BACKGROUND OF THE INVENTION
[0002] 1. Field of the Invention
[0003] The present invention relates to throttle control devices
for controlling a flow rate of intake air supplied to an engine,
e.g., an internal combustion engine of an automobile, and in
particular to throttle control devices that are electrically or
electronically controlled.
[0004] 2. Description of the Related Art
[0005] Japanese Laid-Open Patent Publication No. 2001-59702 teaches
a known throttle control device that includes a throttle valve
disposed within an intake air channel formed in a throttle body.
The throttle valve is rotatably driven by a motor in order to open
and close the intake air channel, so that the flow rate of the
intake air is controlled. The throttle control device further
includes a throttle sensor (also known as "throttle position
sensor") that detects the degree of opening of the throttle valve.
The throttle sensor includes a pair of magnets and a magnetic
detecting element, such as a Hall element.
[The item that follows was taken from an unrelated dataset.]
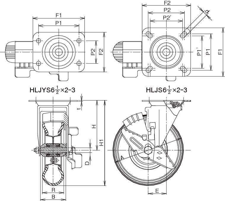 産業車輌用キャスター|ストッパー付き旋回キャスター HLJS/HLJYS
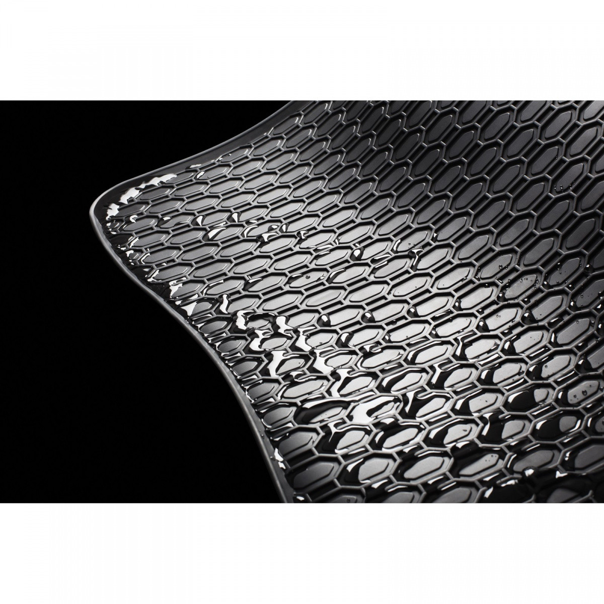 Robustní gumové autokoberce pro vůz Mercedes C-Class. Mají dezén ve tvaru pláství, díky kterému nedochází k přelévání vody nebo tajícího sněhu po kobercích. Okraj autokoberců je přibližně 1 cm vysoký.

The magnets are attached
to a support member. The support member is mounted to at throttle
shaft that rotates in unison with the throttle valve, so the
magnets are positioned to oppose to each other with respect to the
rotational axis of the support member. The magnetic detecting
element is mounted to the throttle body. The magnetic detecting
element detects the intensity of the magnetic field produced by the
magnets and outputs the detected intensity as signals that
represent the degree of opening of the throttle valve.
[0006] However, because the magnetic detecting element detects the
intensity of the magnetic field produced by the pair of magnets,
the magnetic detection element may output incorrect signals if the
pair of magnets has been offset from their initially set positions
relative to the magnetic detection element. The offset could be due
to possible displacement of the throttle shaft during a long period
of use or due to thermal expansion of the molded resin that
incorporates the magnets through an insert molding process. Such
incorrect signals also may be outputted if the level of intensity
of the magnetic field has been changed due to temperature-dependent
characteristics of the magnets. For these reasons among others, the
detection accuracy of the degree of opening of the throttle valve
may be lowered, and therefore, the accuracy of the control of the
flow rate of the intake air may also subsequently be lowered. This
problem becomes more significant if the throttle body is made of a
synthetic resin that has a large coefficient of thermal expansion
or if the throttle body is made of a material that cannot be
accurately formed or machined. Therefore, it has been desired to
improve the known throttle control devices and reduce these
problems.
[0007] To this end, Japanese Laid-Open Patent Publication No.
8-35809 has proposed a device 101a for detecting a rotational
angle, as shown in FIG. 6 of the publication, in which a pair of
stators 160 and 161, each having a semi-circular cross section, are
disposed within the yoke 110. A gap 162 is formed between the
stators 160 and 161. The sensor 170 is positioned within the gap
162 for detecting the strength of a magnetic field. With this
arrangement, the direction of the magnetic field is directed in
primarily one direction, i.e., a direction indicated by the arrows
shown across the gap 162 as viewed in FIG. 6 of the publication.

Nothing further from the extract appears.